Zimmer New Zealand occupies just over 45 per cent of the building's lettable area, encompassing two of the four office levels. The property has been the company's New Zealand base for the past 10 years. It doubled its tenancy size in February this year and its current lease terms run until mid 2019, with three four-year rights of renewal. Zimmer's rental is adjusted upwards in line with Consumer Price Index (CPI) increases in September each year.
Zimmer New Zealand Ltd is a subsidiary of the American headquartered Zimmer group of healthcare companies, which was founded in 1927 and employs around 9000 people worldwide. It produces a comprehensive range of joint replacement implants, instruments and biologics as well as other surgical and dental equipment.
The company distributes some of these products in New Zealand from the Khyber Pass building, with loading docks on each side of the ground floor of its tenancy, which is close to the Auckland motorway system.

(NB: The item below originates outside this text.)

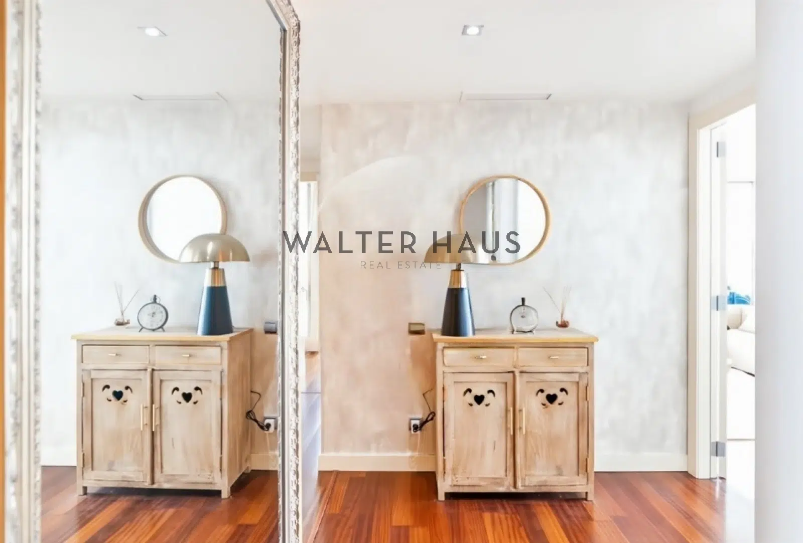 La propiedad dispone de una cocina office totalmente equipada con electrodomésticos de alta gama. La zona de noche está compuesta por tres habitaciones dobles, una de ellas en suite con bañera de hidromasaje y ducha, y acceso directo a una segunda terraza de 20 m². Además, cuenta con otro baño completo y una zona de aguas independiente. El sistema de aire acondicionado y calefacción por conductos garantiza confort en todas las estancias.

"The company likes the building and location because it is near to the main hospitals that carry out knee and hip replacement surgery and has easy motorway connections," says Caldwell. "This is a growing business given the ageing baby boomer population in New Zealand."
Other tenants include the Government funded Auckland Primary Health Organisation (PHO), which has a new six-year lease; Taxicharge, which provides administration services for shareholder taxi co-operatives throughout New Zealand and has been located in the building for eight years; and Australian-owned The Knowledge Warehouse Unit Trust, which operates a market research and call centre business, focusing on the Australian market, in Auckland, Sydney and Melbourne.
The Khyber Pass Rd offering will be the seventh that Maat Consulting has syndicated in the past 3 years. It has successfully syndicated properties in Auckland, Whangarei and Whakatane, with a combined capital value of $60 million and ranging from $4 million to $25.5 million.
About 45 per cent of the purchase price of these properties has been funded by bank loans, with the balance sourced from investor subscriptions. The Khyber Pass property is to be bought for $8,275,000, with a loan of $3,230,750.
Maat also manages all the properties it syndicates on behalf of investors and will be responsible for paying monthly income distributions, arranging monthly financial and property management reports and organising appropriate insurance for the building, as well as overseeing the building's day-to-day property management requirements.
In the investment statement and prospectus for the Khyber Pass offering, Maat says it identified the property as being suitable for investors according to the criteria it applies for syndication: the quality of the building (its condition and location), the quality of the tenants and the projected dividend return of 9.2 per cent with the opportunity for future capital growth.
Caldwell says a company structure was chosen for the syndication because of the tax effectiveness offered by being able to operate it as a portfolio investment entity (PIE).
He says the building has an A Grade IEP seismic evaluation and significant internal renovation work has been undertaken over the past two years by vendor 210 KPR Ltd which also focused on strengthening the property's tenancy profile. Upgrading work undertaken has included refurbishment of common areas including the toilets and lift lobbies, recarpeting and replacement of ceiling tiles in a number of tenancies as well as an upgrading of air conditioning and fire protection. The building has basement parking for 52 cars.
"The property at 210 Khyber Pass Rd is located in a growth area where there is likely to be good tenant demand for premises for the foreseeable future," says Caldwell.